How to invest... Peaks and valleys
Want a reason not to buy and hold mutual funds? See the last 10 years. Want a reason to invest for the long haul? See the last 20.
Fund critics can use the last decade to say that fund investing doesn't work, and fund supporters can use the last two decades to show the opposite.
Both sides have valid points, and your view depends mostly on when you started or peaked. If you didn't experience the 1990s but only got in at the end because it looked so easy, you probably don't think funds work. If you began in the early 1990s, you're probably saying that funds did exactly what you expected.
It's hardly a secret that the stock market has a negative return over the last decade. In fact, just this week, the market's Internet bubble peak from 2000 fell off the 10-year performance chart, meaning that those numbers are at their ugliest point right now. So while the strong positive returns of the last year feel great, critics point to the "lost decade" as a reason to shy away from funds.
A bad decade would seem to be enough time to make such a judgment, but it's not. While 10 years of evidence is not short-term thinking, it's a blip on the scale by which average investors use funds.
The idea behind funds was to offer professional management and diversification at a reasonable cost, for life.

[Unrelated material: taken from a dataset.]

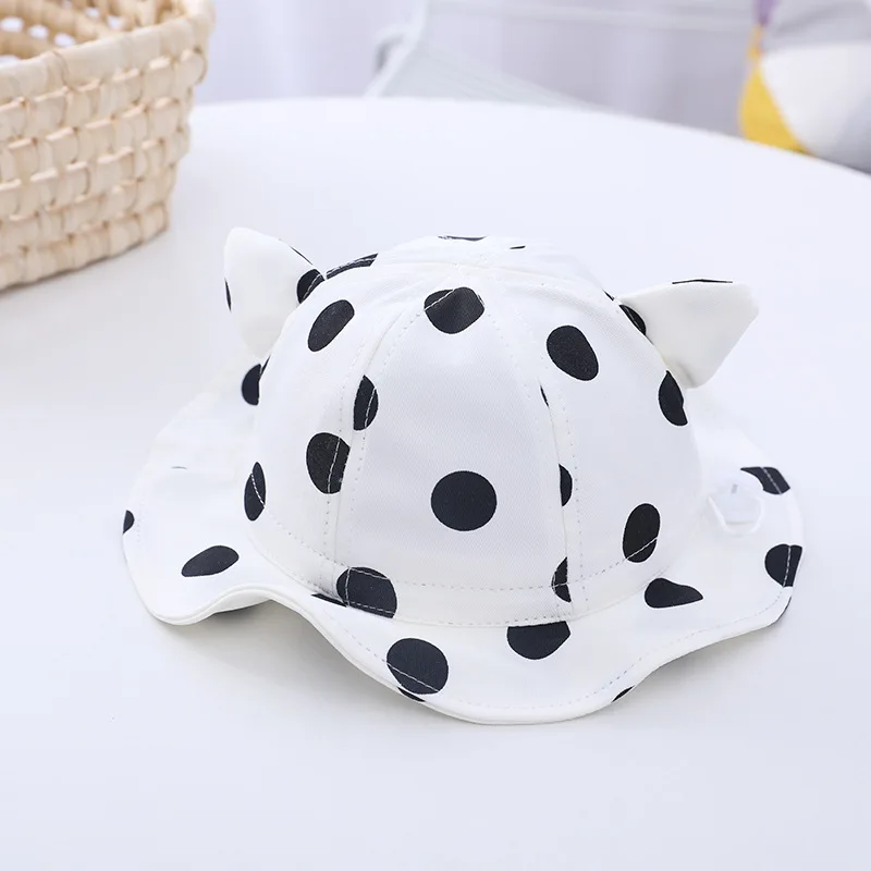 Панама с кошачьими ушками для девочек, милая шапка из мягкого хлопка в горошек, уличная пляжная шляпа от солнца, для начинающих ходить детей,...

It wasn't about building a portfolio of funds, with some holding domestic stocks and others foreign, worrying about market-capitalization or filling style boxes. It was giving money to a manager who would try to generate a market return (or better) while the shareholder held on for the ride, barring a need to withdraw their cash. No trading with funds, no timing the market with funds, just buy and hold for a reasonable long-term return.

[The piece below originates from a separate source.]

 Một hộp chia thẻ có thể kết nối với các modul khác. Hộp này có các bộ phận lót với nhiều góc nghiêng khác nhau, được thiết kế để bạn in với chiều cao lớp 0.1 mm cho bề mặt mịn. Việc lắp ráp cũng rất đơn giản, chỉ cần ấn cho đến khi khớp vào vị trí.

The advent of retirement accounts made that sentiment stronger, as the idea was to buy funds that were held over a lifetime of employment to deliver a retirement nest egg.
Now apply typical investor thinking to that picture. An individual investor's idea of a reasonable long-term return lands somewhere between 8% and 10%. Funds missed that target by a mile over the last decade when the market was mostly in the tank. But Morningstar Inc.'s database includes nearly 500 equity funds with a 20-year track record, and 65% of them earned an average annualized return of 8% or more over the last two decades. More than one in four of those funds generated a double-digit annualized return over the last two decades. That's enough growth to turn a $10,000 investment into more than $67,000.
Obviously many other funds that started way back when didn't survive long enough to put up 20-year numbers; investment success breeds longevity.
But the numbers show the balancing of two extreme decades. Ten years ago, at the end of the Internet bubble, few investors would have been satisfied with a measly average annualized gain of 10% for a decade. Fast forward to today, and investors would have been thrilled with that return over the last 10 years.
Hindsight and perspective
Some of the problem, of course, is that investors tend to see their account value as "made money," so that they remember it from its peak.
A different way to consider it is to look at real growth and expectations. An investor looking for a 10% average annual gain would have been hoping that $10,000 would turn into about $26,000 over the course of a decade. Letting it ride for another decade, the investor would look forward to that $67,000-plus jackpot.
It's similar to the reaction many investors have to a single huge day on the market. A 500-point decline is seen as the start of Armageddon, while no one regards a 500-point gain as being too much, too soon. In truth, the swing is the same size; it's the direction that drives the emotions.
Obviously, your mileage in funds may vary, and your experience is likely to depend on your starting point. Your judgment of a fund will depend on the lens you use.
It is easy to stick with a fund that delivered the best of the 1990s, even as it stumbled and was much less brilliant in the 2000s. If you bought late in the Internet bubble and never had the glory days, buy-and-hold could have easily become a lesson in pain.
But if the last two decades have shown anything, it's that most investors should let funds do their job over the long haul. For most savers, fund investing is a bit like functioning on auto-pilot, relying on the system to go from starting point to destination without worrying about whether the path is over mountains or valleys.
Ultimately, the last two decades should guide savers on whether they can comfortably make the journey buying and holding mutual funds, or if they should pursue a different path. There's no one right answer, no matter how you slice it.